Punto sul vivo da questa domanda di Gesù, Pietro diverrà l’apostolo di Gesù, il pastore delle sue pecore prima a Gerusalemme, poi presso le comunità giudaiche della Palestina, poi ad Antiochia e infine a Roma, dove a sua volta deporrà la vita sull’esempio del suo Signore e Maestro. E a Roma Pietro ritroverà anche Paolo: non sappiamo se nel quotidiano della testimonianza cristiana, ma certamente nel segno grande del martirio. Paolo, “l’altro”, l’apostolo differente, posto accanto a Pietro nella sua alterità, quasi a garantire fin dai primi passi che la chiesa cristiana è sempre plurale e si nutre di diversità. Giudeo della diaspora, originario di Tarso, capitale della Cilicia, salito a Gerusalemme per diventare scriba e rabbi al seguito di Gamaliele, uno dei più famosi maestri della tradizione rabbinica, Paolo era un fariseo, esperto e zelante della legge di Mosè, che non conobbe né Gesù né i suoi primi discepoli, ma che si distinse nell’opposizione e nella persecuzione verso il nascente movimento cristiano.
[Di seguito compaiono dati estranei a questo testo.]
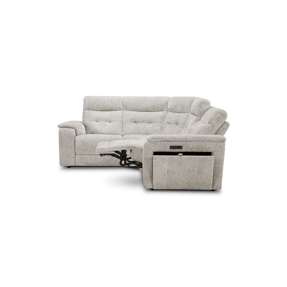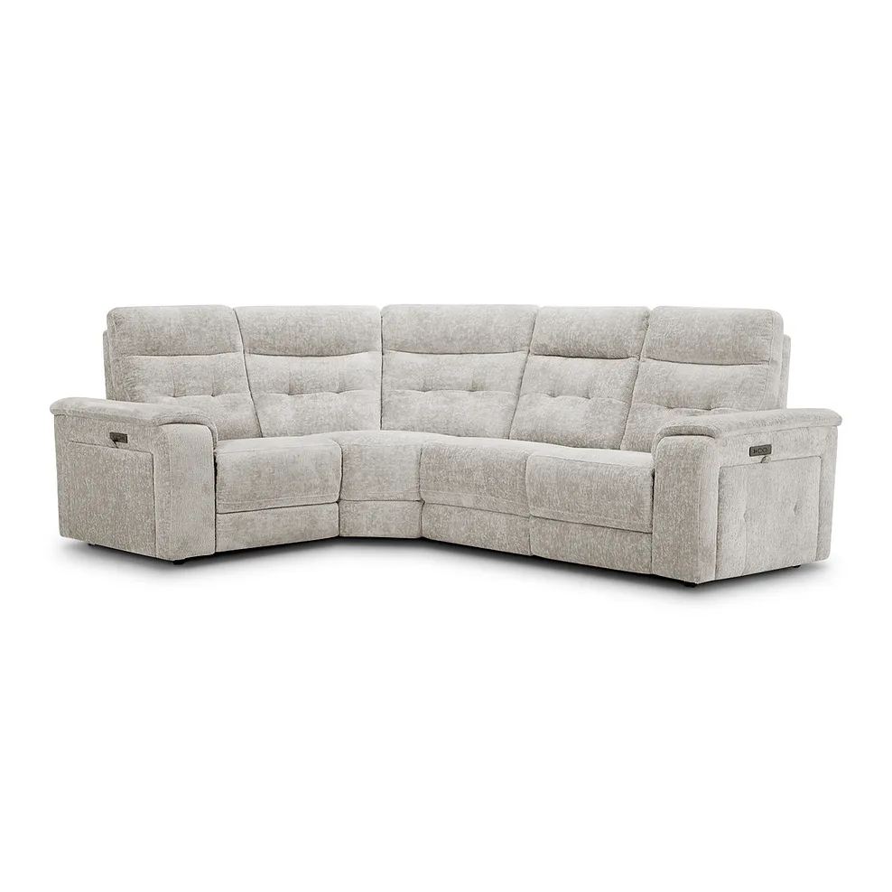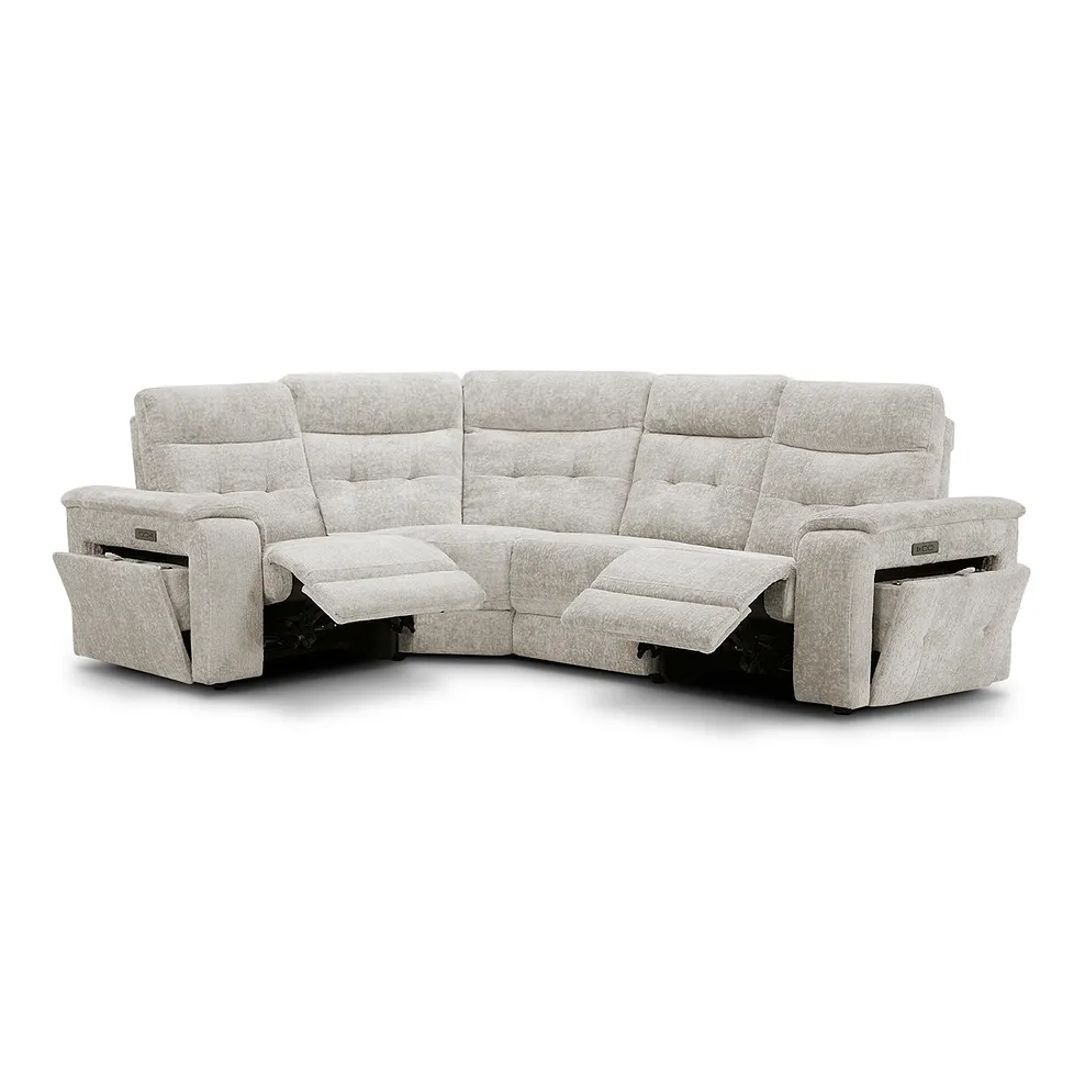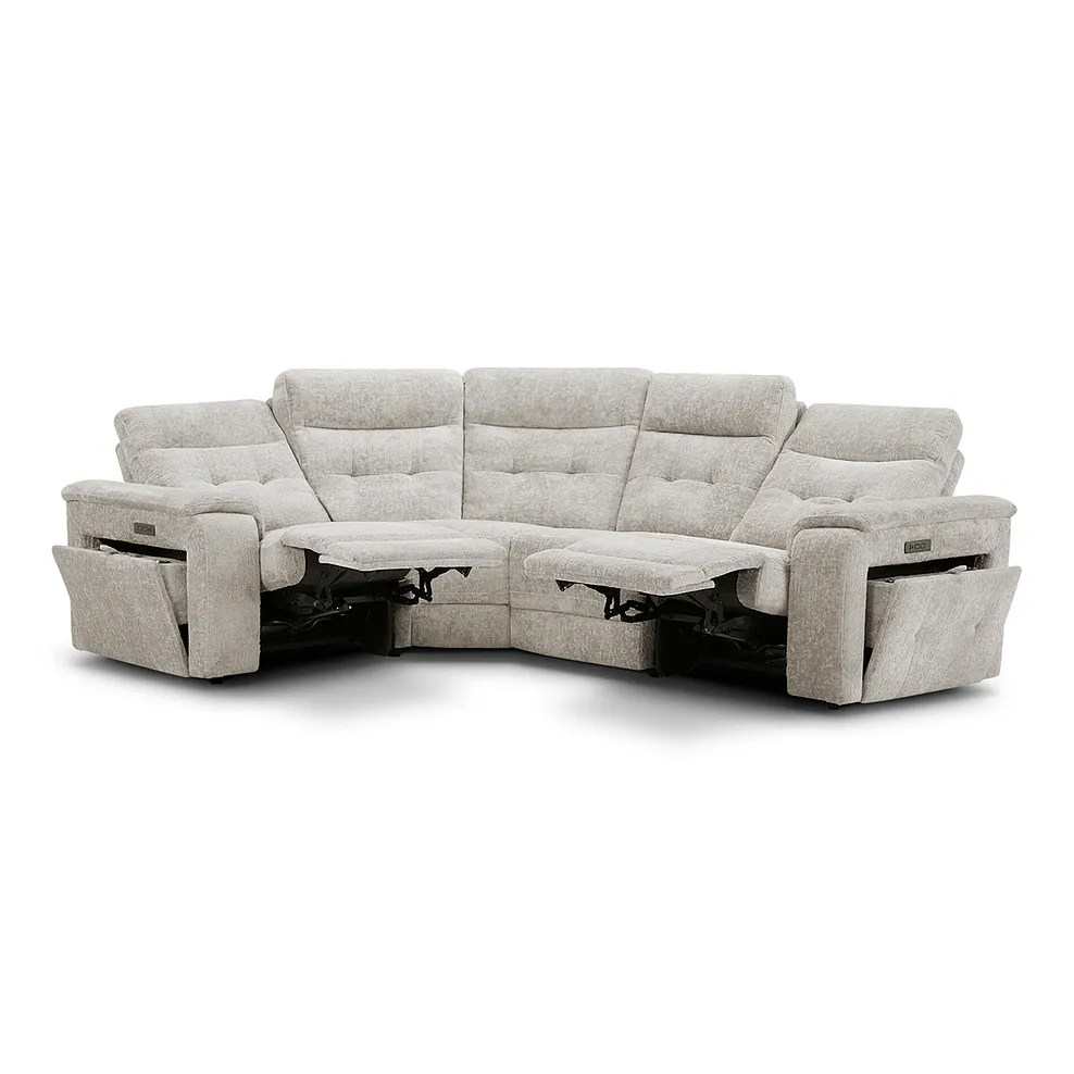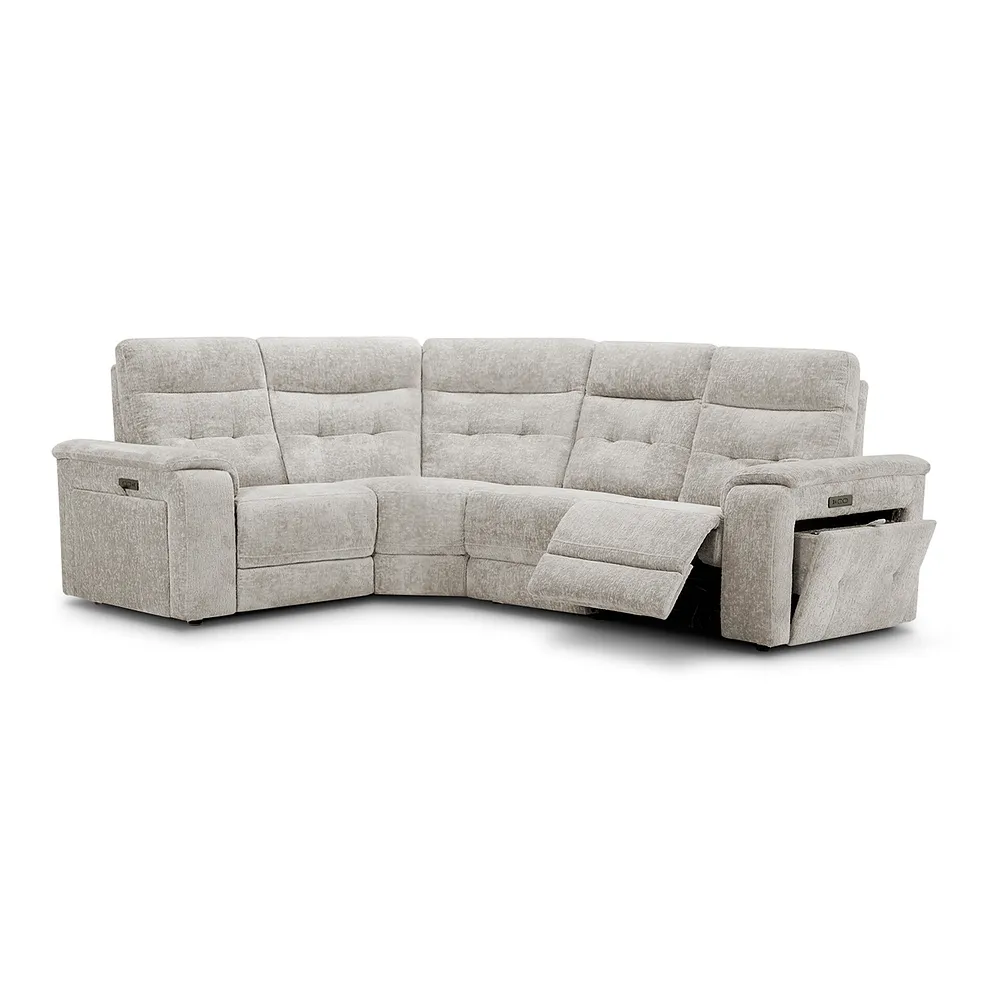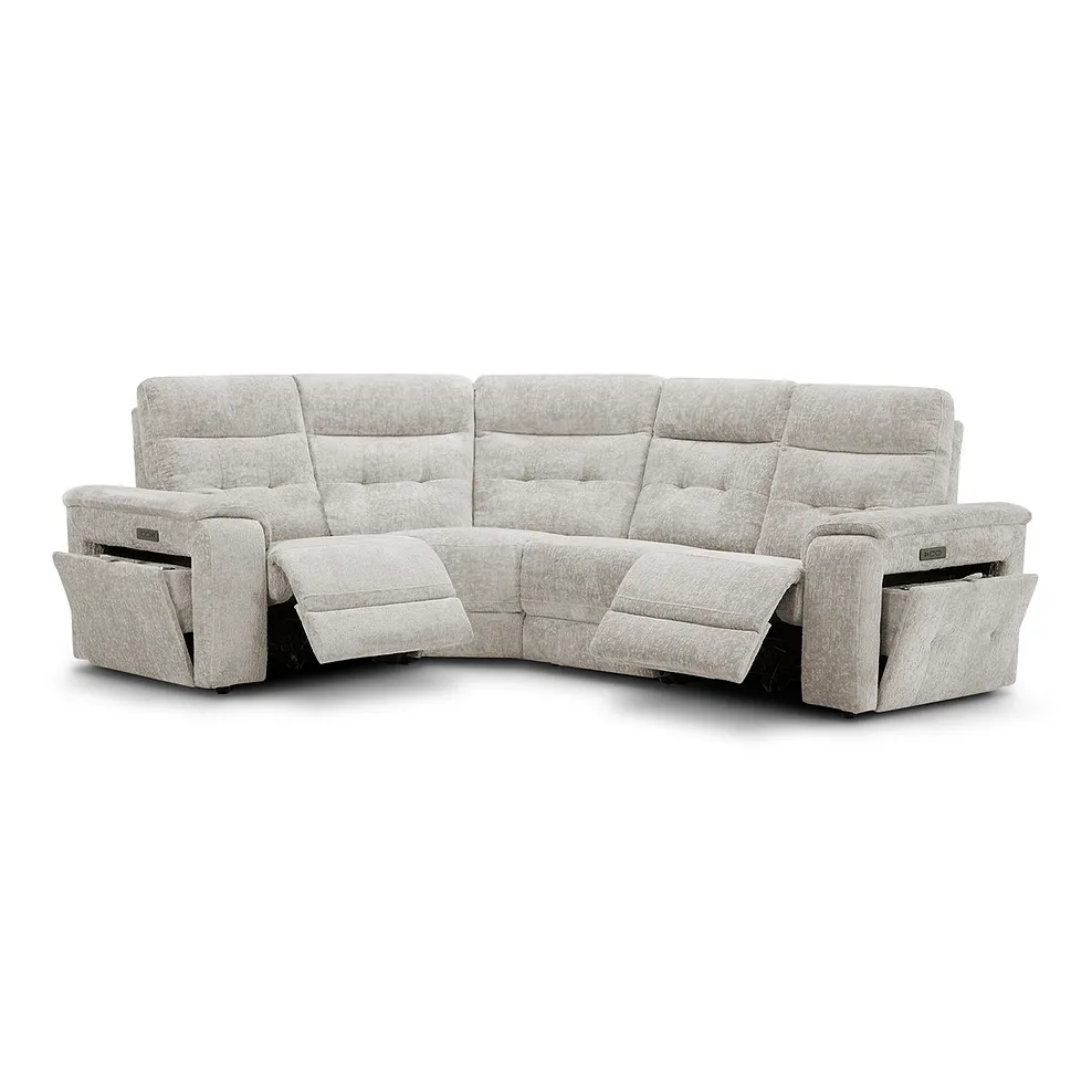JUNO Right Hand Corner Recliner with Power Headrests Koto Turtle Dove Fabric

Sulla via di Damasco, però, avvenne anche per Paolo l’incontro con Gesù risorto, la conversione e la rivelazione, infatti, come confessa lo stesso Paolo, “la grazia si è compiaciuta di rivelare in me suo Figlio” (Gal 1,15-16). Paolo si definisce un “aborto” (cf. 1Cor 15,8) rispetto agli altri apostoli che avevano visto il Signore Gesù risorto, ma chiedeva di essere considerato inviato, servo, apostolo di Gesù Cristo al pari loro, perché aveva messo la sua vita a servizio del Vangelo, si era fatto imitatore di Cristo anche nelle sofferenze, si era prodigato in viaggi apostolici in tutto il Mediterraneo orientale, era abitato da una sollecitudine per tutte le chiese di Dio. La sua passione, la sua intelligenza, il suo impegno ad annunciare il Signore Gesù traspaiono da tutte le sue lettere e anche gli Atti degli apostoli ne danno sincera testimonianza. È lui, per sua stessa definizione, “l’apostolo delle genti” come Pietro è “l’apostolo dei circoncisi” (Gal 2,8).
Pietro e Paolo, entrambi discepoli e apostoli di Cristo, eppure così diversi: Pietro un povero pescatore, Paolo un rigoroso intellettuale; Pietro un giudeo palestinese di un oscuro villaggio, Paolo un ebreo della diaspora e cittadino romano; Pietro lento a capire e a operare di conseguenza, Paolo consumato dall’urgenza escatologica… Dice un prefazio gallico del VII secolo: “Pietro ha rinnegato per credere meglio, Paolo è stato accecato per vedere meglio… l’uno apre, l’altro fa entrare: entrambi ricevono il Regno eterno”. Sono stati apostoli con due stili differenti, hanno servito il Signore con modalità diversissime, hanno vissuto la chiesa in un modo a volte dialettico se non contrapposto, ma entrambi hanno cercato di seguire il Signore e la sua volontà e insieme, proprio grazie alle loro diversità, hanno saputo dare un volto alla missione cristiana e un fondamento alla chiesa di Roma che presiede nella carità.
Insieme allora è giusto celebrare la loro memoria, che è memoria di unità nella diversità, di vita consegnata per amore del Signore, di carità vissuta nell’attesa del ritorno di Cristo. L’iconografia li rappresenta stretti in un abbraccio oppure mentre sostengono l’unica chiesa che insieme hanno contribuito a edificare: una sinfonia che è memoria e profezia dell’unica comunione ecclesiale in cui Pietro deve abbracciare Paolo e Paolo deve abbracciare Pietro.